帰り道。突如降った雨に当たり、あたしはずぶ濡れでうちに着いた。部屋の中に入り、すぐにお風呂の用意をしようと蛇口を捻ったが、お湯が出ない。な、なんで。戸惑っていると、ピンポン、とチャイムが鳴りドアを開けると大家さんがいて、水道管の工事で明日まで使えない、急な話で申し訳ないと頭を下げられた。明日の朝には終わるから、今日をなんとか凌いでほしいと懇願され、あたしは近くの銭湯に行くことにした。
ずぶ濡れのままじゃ風邪を引く。現に少し寒気がする。銭湯用の小さな買い物かごにシャンプーとトリートメント、ボディソープを入れる。エコバッグにタオルとバスタオルを入れて、お気に入りの赤い傘をさして外に出た。雨は小雨になっていて、帰りには止みそうだ。
銭湯なんて久しぶり。前回行ったのは給湯器が壊れた時だから、一年くらい前だ。歩くこと十五分。銭湯独特の暖簾をくぐると高台におばあちゃんが座っていて、あたしは小銭を取り出しぴったり渡す。ごゆっくり、とにたりと笑うおばあちゃんの笑顔は独特だ。最初、失礼ながらちょっと気味が悪い笑い方だなと思ったが、この笑い方がおばあちゃんの満面の笑みなのだ。常連客の会話を隣で聞いてわかったことだが、昔からこの笑顔なのだそう。

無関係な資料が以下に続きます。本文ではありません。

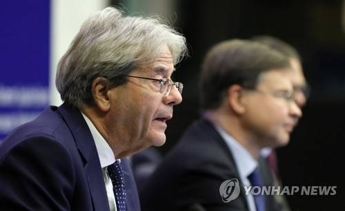 epa09532201 European Commissioner for Economy Paolo Gentiloni (L) and European Commission Executive Vice-President Valdis Dombrovskis (R) attend a press conference of read-out the College meeting at the European Parliament in Strasbourg, France, 19 October 2021. EPA/RONALD WITTEK / POOL

服を脱ぎ、浴場に入る。むわりと湯気が立ちこめ一瞬前が見えなかったが、すぐに視界が開けて湯船の向こうの壁に富士山の絵が見えた。あたしは洗い場でさっさと体と髪を洗うと、富士山の元へ早速向かう。足の指で熱さを確かめ、ゆっくり入る。少し熱めだが、雨で冷えた体を温めるには丁度いい温度だ。肩まで浸かり、温まる。うちのお風呂でも足は伸ばせるが、広いお風呂は開放感が違う。かぽーん、という銭湯特有の桶をひっくり返す音にも風情がある。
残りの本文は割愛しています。